[DATA UNDER STUDY]

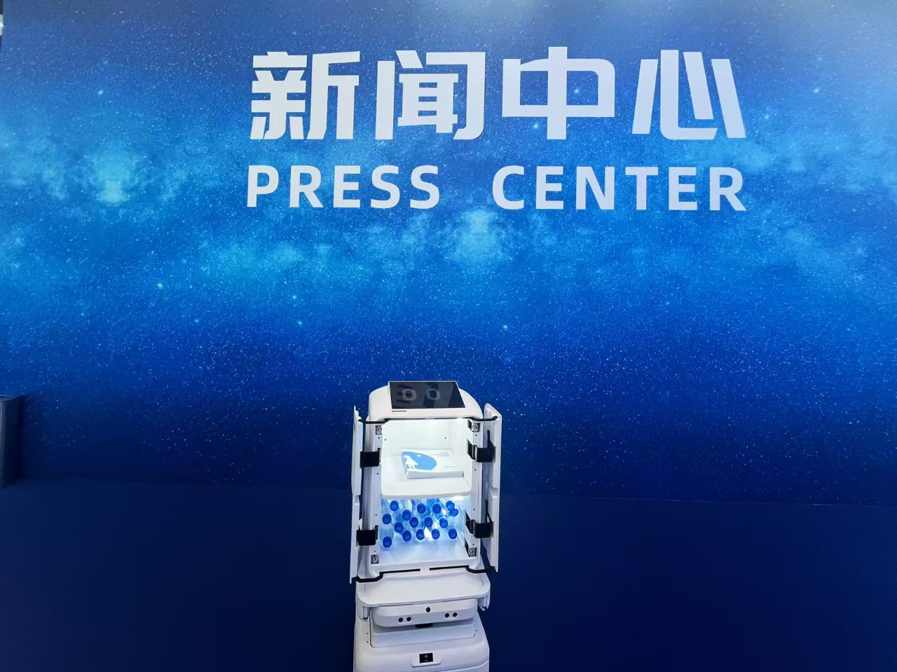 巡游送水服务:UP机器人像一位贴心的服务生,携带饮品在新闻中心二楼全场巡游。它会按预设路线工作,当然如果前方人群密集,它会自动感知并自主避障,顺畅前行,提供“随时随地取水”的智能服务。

==

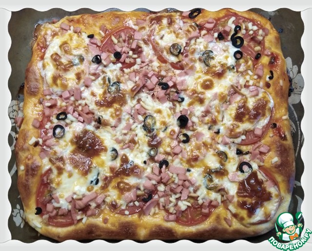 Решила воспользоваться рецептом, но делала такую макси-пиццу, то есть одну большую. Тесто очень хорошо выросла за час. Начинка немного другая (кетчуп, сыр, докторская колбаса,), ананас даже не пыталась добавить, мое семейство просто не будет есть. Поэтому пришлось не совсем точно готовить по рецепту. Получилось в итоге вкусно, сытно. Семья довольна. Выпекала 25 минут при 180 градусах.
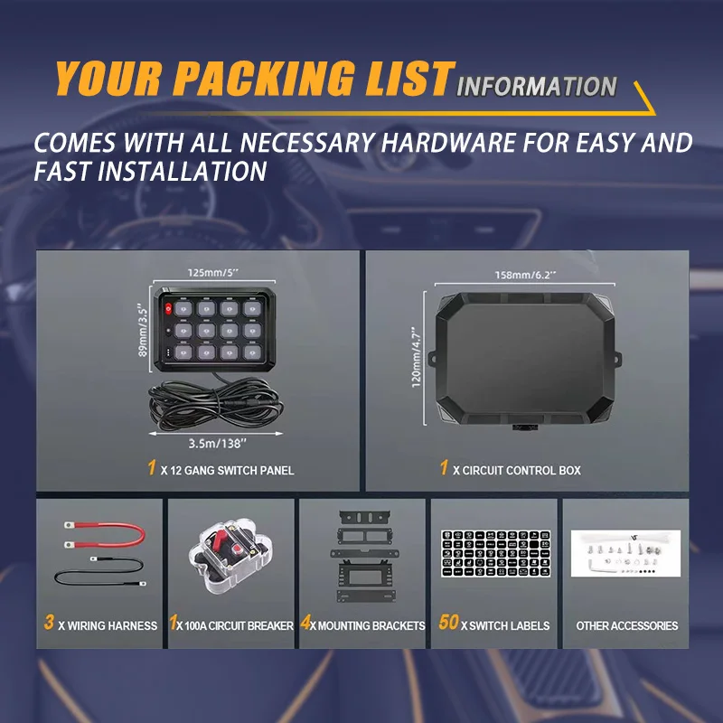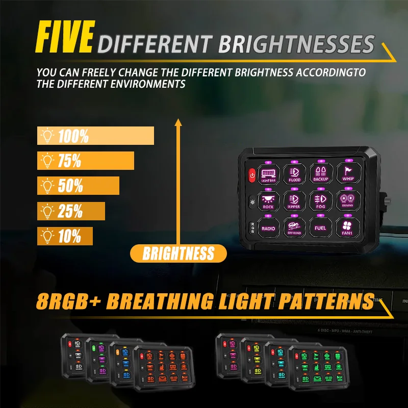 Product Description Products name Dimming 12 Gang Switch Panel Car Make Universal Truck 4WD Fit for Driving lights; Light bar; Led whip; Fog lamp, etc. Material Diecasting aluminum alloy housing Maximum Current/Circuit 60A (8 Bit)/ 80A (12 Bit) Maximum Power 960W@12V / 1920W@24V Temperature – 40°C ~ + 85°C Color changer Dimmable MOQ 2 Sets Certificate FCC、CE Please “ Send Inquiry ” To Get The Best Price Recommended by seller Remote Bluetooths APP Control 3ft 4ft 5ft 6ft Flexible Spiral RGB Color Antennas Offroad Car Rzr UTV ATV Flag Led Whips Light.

[INSTRUCTIONS FOR THE TASK]
Although pictures appear among the records above, none are to be output; print exactly the lines from the line containing "Решила воспользоваться рецептом, но" through the line containing "Product Description Products".

[ANSWER TO THIS TASK]
 Решила воспользоваться рецептом, но делала такую макси-пиццу, то есть одну большую. Тесто очень хорошо выросла за час. Начинка немного другая (кетчуп, сыр, докторская колбаса,), ананас даже не пыталась добавить, мое семейство просто не будет есть. Поэтому пришлось не совсем точно готовить по рецепту. Получилось в итоге вкусно, сытно. Семья довольна. Выпекала 25 минут при 180 градусах.
 Product Description Products name Dimming 12 Gang Switch Panel Car Make Universal Truck 4WD Fit for Driving lights; Light bar; Led whip; Fog lamp, etc. Material Diecasting aluminum alloy housing Maximum Current/Circuit 60A (8 Bit)/ 80A (12 Bit) Maximum Power 960W@12V / 1920W@24V Temperature – 40°C ~ + 85°C Color changer Dimmable MOQ 2 Sets Certificate FCC、CE Please “ Send Inquiry ” To Get The Best Price Recommended by seller Remote Bluetooths APP Control 3ft 4ft 5ft 6ft Flexible Spiral RGB Color Antennas Offroad Car Rzr UTV ATV Flag Led Whips Light.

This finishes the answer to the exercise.